Shanna Moakler, Travis Barker

Jordan Strauss/

Now that Bridalplasty is gonna be on my TV, I have to know—is host Shanna Moakler single? (Please tell me yes.)
—Stone, New Jersey, via in the inbox

I can't say with 100 percent certainty what her status will be today. When I last spoke with Shanna, she said that on-again, off-again boyfriend-husband (busband?) Travis Barker was once again in her life. And that they were taking things a day at a time.

But just in case you run into Moakler on a fortuitous day, let me give you a few tips about what Shanna's like:

Starting with out to pronounce her name. If you run into her in Los Angeles, call her SHAY-na or she may ignore you.
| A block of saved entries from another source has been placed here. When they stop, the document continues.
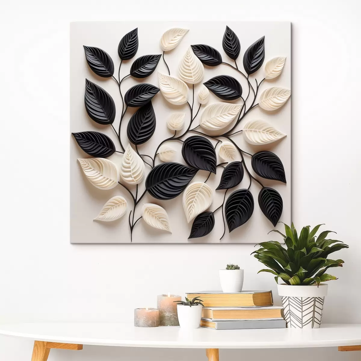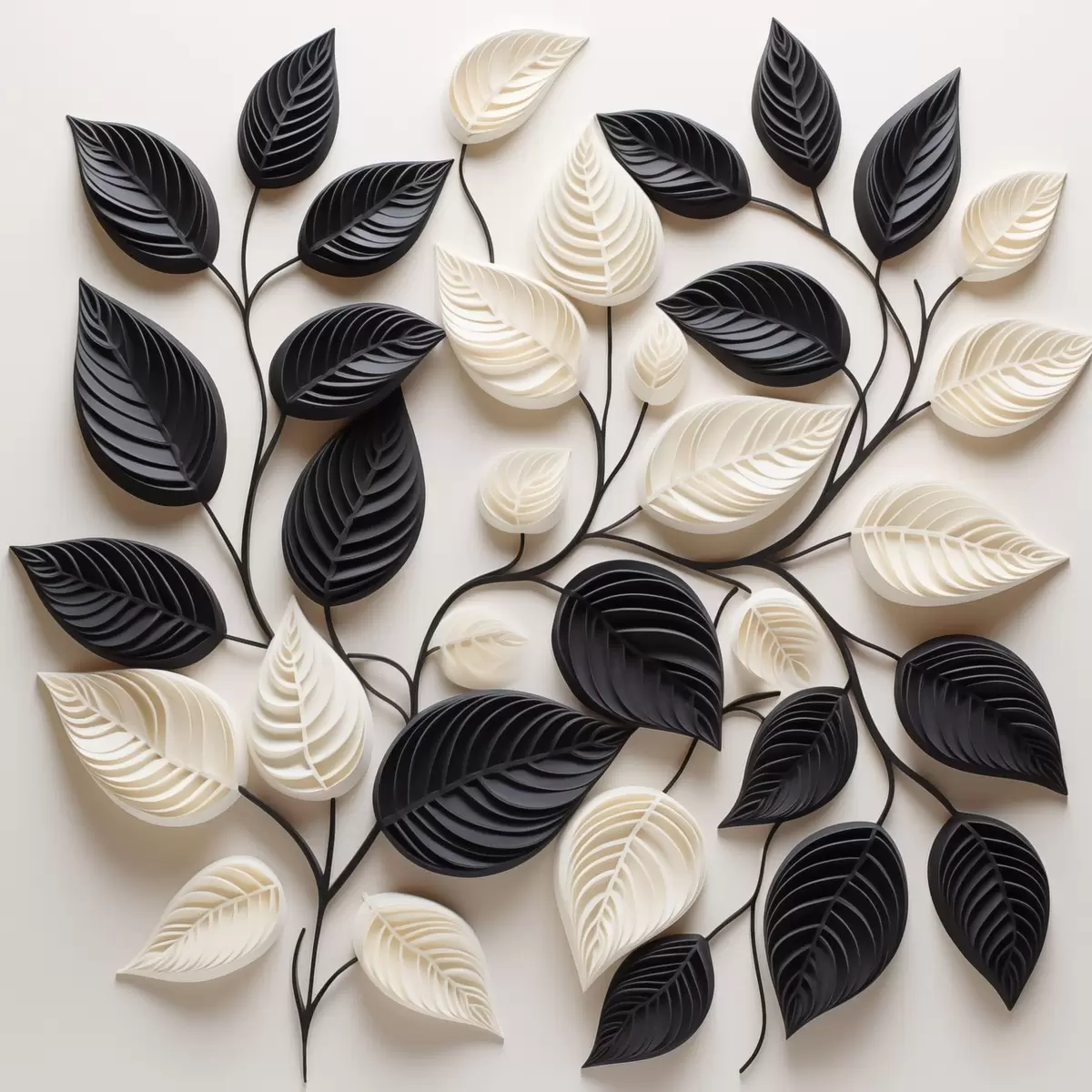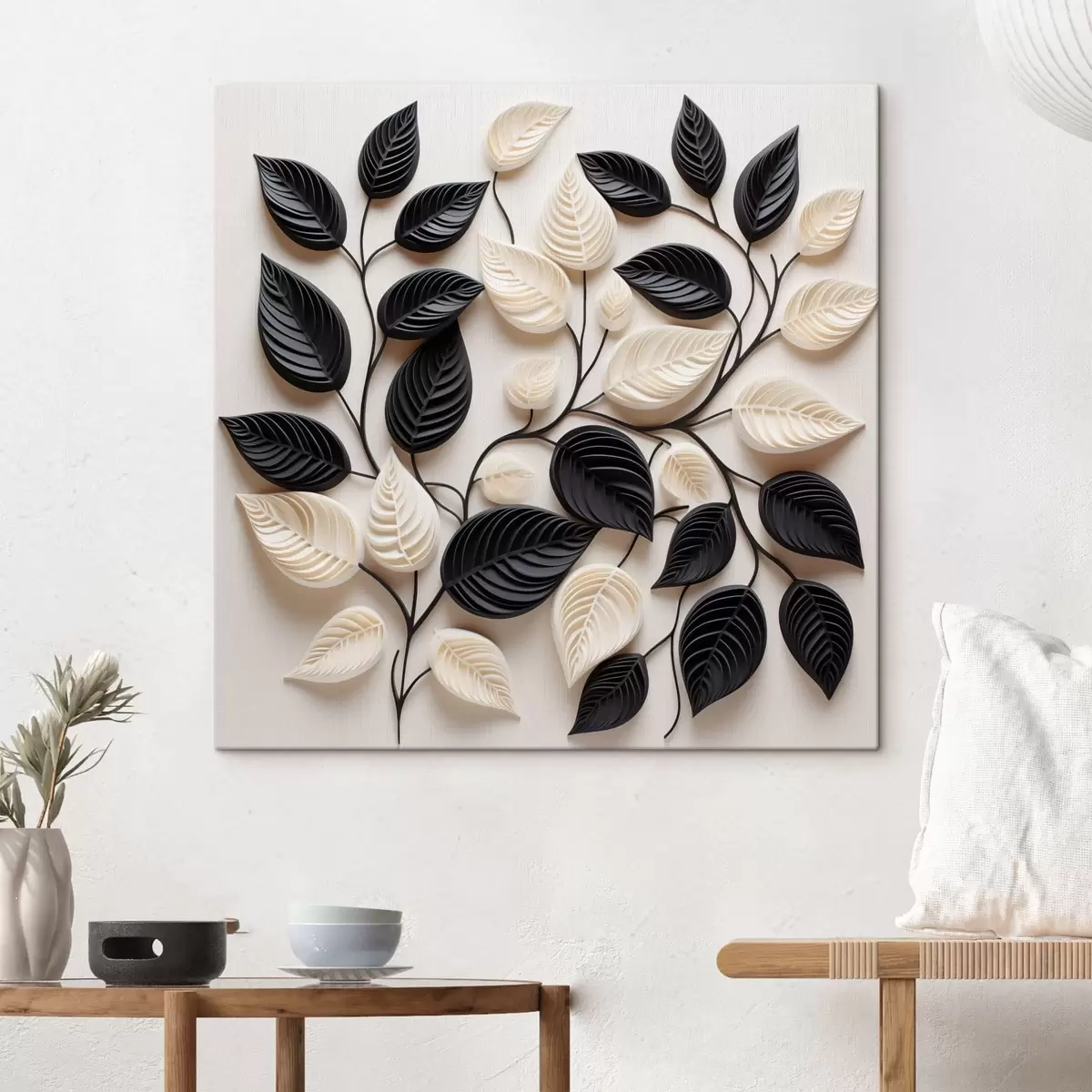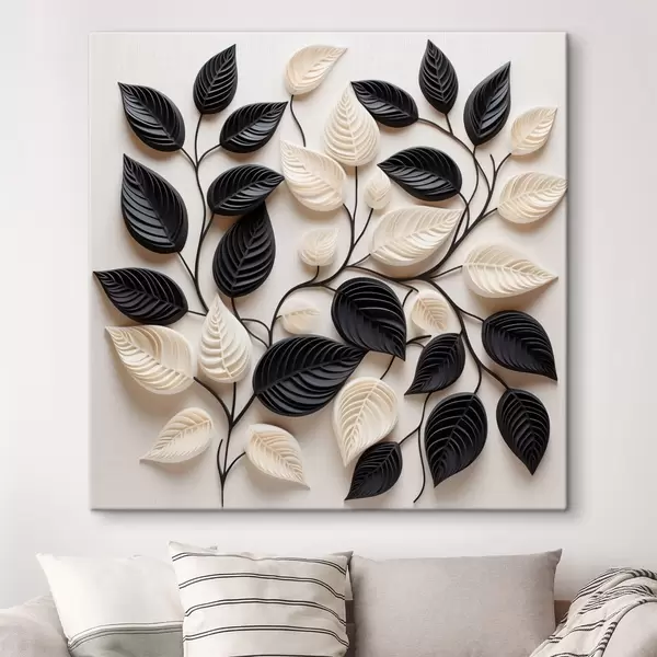 Obraz Kompozycja z czarnych i jasnych liści na gałęziach Nr s48606
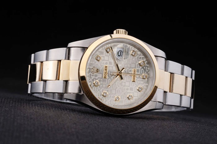 Crown: 18k yellow gold plated steel cutwork crown with Rolex logo
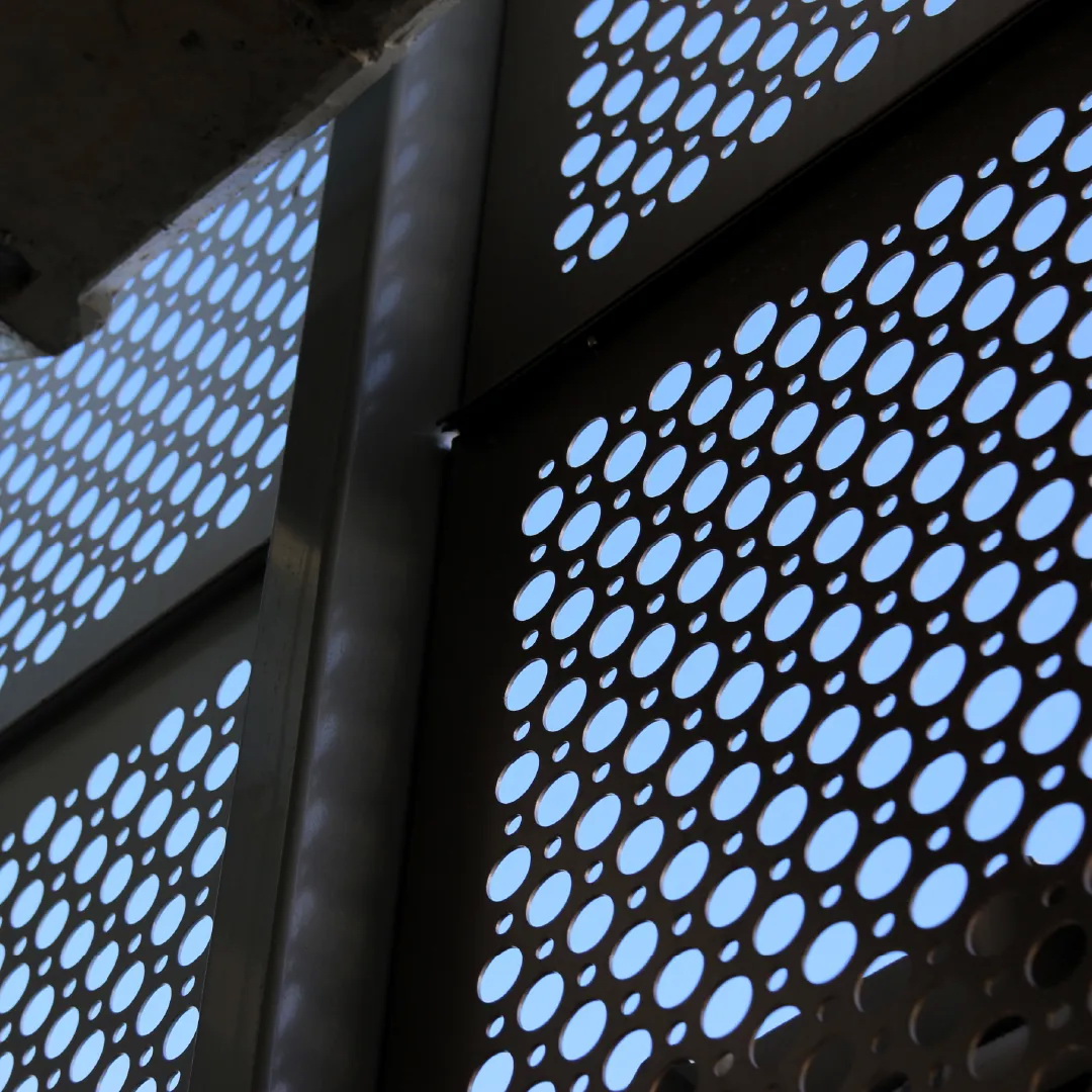 Geometric round pattern. General purpose perforated metal sheet with 2 sizes of holes to create an attractive round pattern. It has a variety of functional uses: Seive, vertical screening, grill, infill panels and is also a great decorative screen.
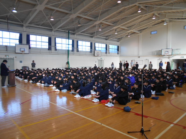 1/8(金)、3学期が始まりました。1限目は、体育館で始業式を行い、校長先生から3学期がよりよいスタートが切れるために、「当たり前の生活が、当たり前に送れること」の大切さなどが話されました。また、井上先生からは、生活面について、安全な生活を送れるよう心掛けてほしいことなどが話されました。
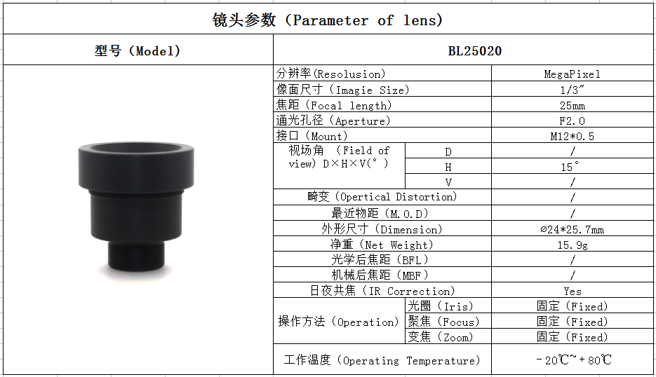 25mm F2.0 Board Lens M12 Mount CCTV Camera Lens CCTV Lens

Her name is not SHAWN-a.

Here's more:

• Don't remark at how fabulous her plastic surgery is; she says she hasn't had any.

• Offer to take her to Anaheim. "I'm addicted to Disneyland," she tells me.

• Or you can stay home, but you'd better like reality TV. "I love reality TV," she confesses. "Especially The Biggest Loser."

• If you must buy her a present, make it a bathing suit. "I collect bathing suits even if I never wear them," she says. (The former Miss USA has about 100. Just sayin'.)

• She would rather hear your declaration of love than read it. Especially, perhaps, if your love confession has zombies in it: "I like listening to audio books in the car—all kinds, [particularly] self help and horror."

And don't forget, of course, to tell her how much you're loving the E! show she's hosting, Bridalplasty. It premieres tonight.